Si stanno rivelando profetiche le parole che papa Giovanni Paolo II disse nel 1989, nei giorni dell'euforia per la caduta del Muro di Berlino, a Joaquín Navarro-Valls: “Il capitalismo ha bisogno di una profonda riflessione etica” (Agenzia Sir, 3 dicembre).

Era l'epoca dell'invito ad arricchirsi dopo le difficoltà attraversate dal mondo occidentale negli anni Settanta, e il tutto è proseguito fino a cinque anni fa, quando è crollato il castello di carte costruito dalla speculazione finanziaria anglosassone, adottato da buona parte dei Paesi.

Nel lungo periodo di benessere, costruito – come poi si è scoperto – su debiti dolorosi da ripagare, hanno soprattutto “trionfato i soldi”, passati da mezzo a fine, “da valore economico a valore quasi etico”, mentre “a retrocedere è stato l’uomo”. Nella maggior parte del mondo occidentale si impone quindi con urgenza la riflessione invocata da papa Wojtyła, soprattutto da parte di una classe politica che ha scelto spesso e per molto tempo “un profilo basso, quasi mediocre”, “un tirare a campare lasciando correre”.

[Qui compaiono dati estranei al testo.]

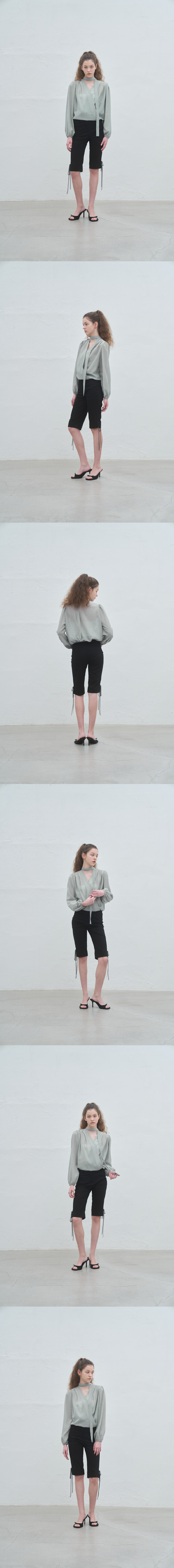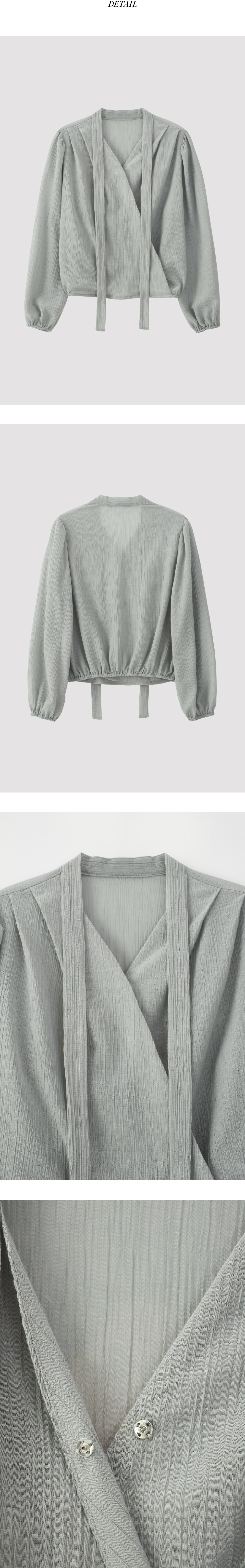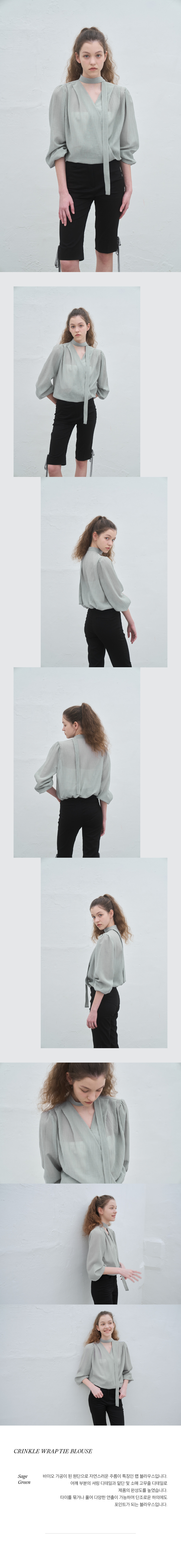 CRINKLE WRAP TIE BLOUSE_SAGE GREEN
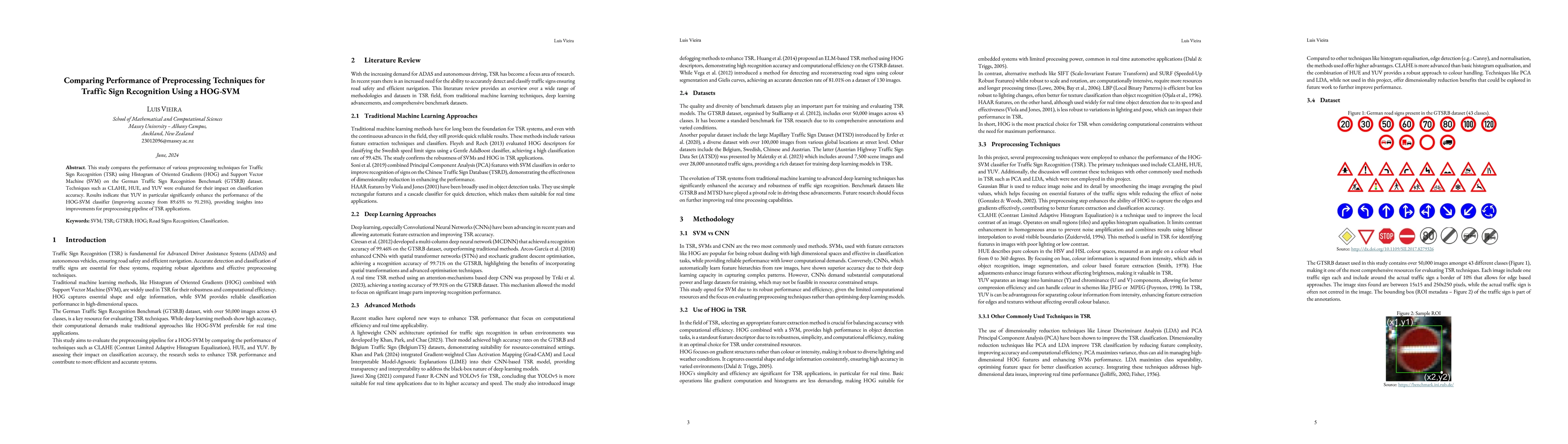 This work emphasizes the significance of preprocessing techniques in TSR using HOG-SVM, providing insights into the impact of YUV preprocessing compared to other methods like CLAHE and HUE.
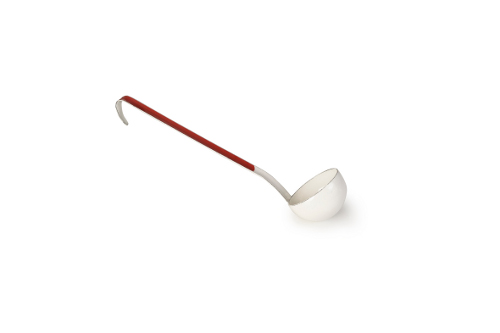 Velká naběračka o průměru 9 cm je vyrobená z kovu a má smaltovaný povrch. Má bílou barvu a červenou rukojeť. Naběračku můžete zavěsit pomocí háčku. Vhodná na mytí v myčce.

In questo contesto, si è levata anche la voce di Benedetto XVI, che ricevendo il 3 dicembre in udienza i partecipanti alla plenaria del Pontificio Consiglio della giustizia e della pace ha ricordato come anche in periodi di recessione economica si debba sempre difendere il primato della persona, che non può essere degradata a capitale umano o a “parte di un ingranaggio produttivo e finanziario” (L'Osservatore Romano, 4 dicembre).

L'essere umano, “costitutivamente trascendente” rispetto agli altri esseri e beni terreni, gode di un “reale primato” che lo pone come “responsabile di se stesso e del creato” (Avvenire.it, 3 dicembre).

Anche se la difesa dei diritti ha fatto grandi progressi, la cultura odierna, caratterizzata tra l’altro da “un individualismo utilitarista e un economicismo tecnocratico”, tende a svalutare la persona, ritenendola una mera “risorsa” (Vatican Insider, 3 dicembre). Malgrado si continui a proclamare la dignità della persona, ha spiegato il papa, si affermano nuove ideologie, che contribuiscono sempre più a considerare il lavoratore dipendente e il suo lavoro “beni minori”, e a “minare i fondamenti naturali della società, specialmente la famiglia”.

In un panorama simile, i cristiani devono impegnarsi in una “nuova evangelizzazione del sociale” che aiuti a “detronizzare gli idoli moderni” e a sostituire l’individualismo, il consumismo materialista e la tecnocrazia con la cultura della fraternità, della gratuità e dell’amore solidale.

Poiché per il cristianesimo il lavoro è “un bene fondamentale per l'uomo”, l'obiettivo dell'accesso al lavoro per tutti è quindi “sempre prioritario”, anche se l'economia è in crisi (Radio Vaticana, 3 dicembre). E a questo proposito, ad esempio, in Italia la precarietà ha ormai toccato livelli record, tra i giovani ma anche tra gli adulti. In aumento anche gli scoraggiati che non cercano neanche più lavoro, e che tra luglio e settembre hanno raggiunto quasi 1,6 milioni (Avvenire.it, 3 dicembre).


Anche se la Chiesa non ha il compito di suggerire, dal punto di vista giuridico e politico, la configurazione concreta di un ordinamento internazionale, offre a chi ne ha la responsabilità i principi di riflessione, criteri di giudizio e orientamenti pratici che possano garantirne “l’intelaiatura antropologica ed etica attorno al bene comune”. Non, quindi, un “superpotere” concentrato nelle mani di pochi, che dominerebbe su tutti i popoli sfruttando i più deboli, ma un'autorità da intendere innanzitutto come “forza morale”, in un contesto sempre più complicato.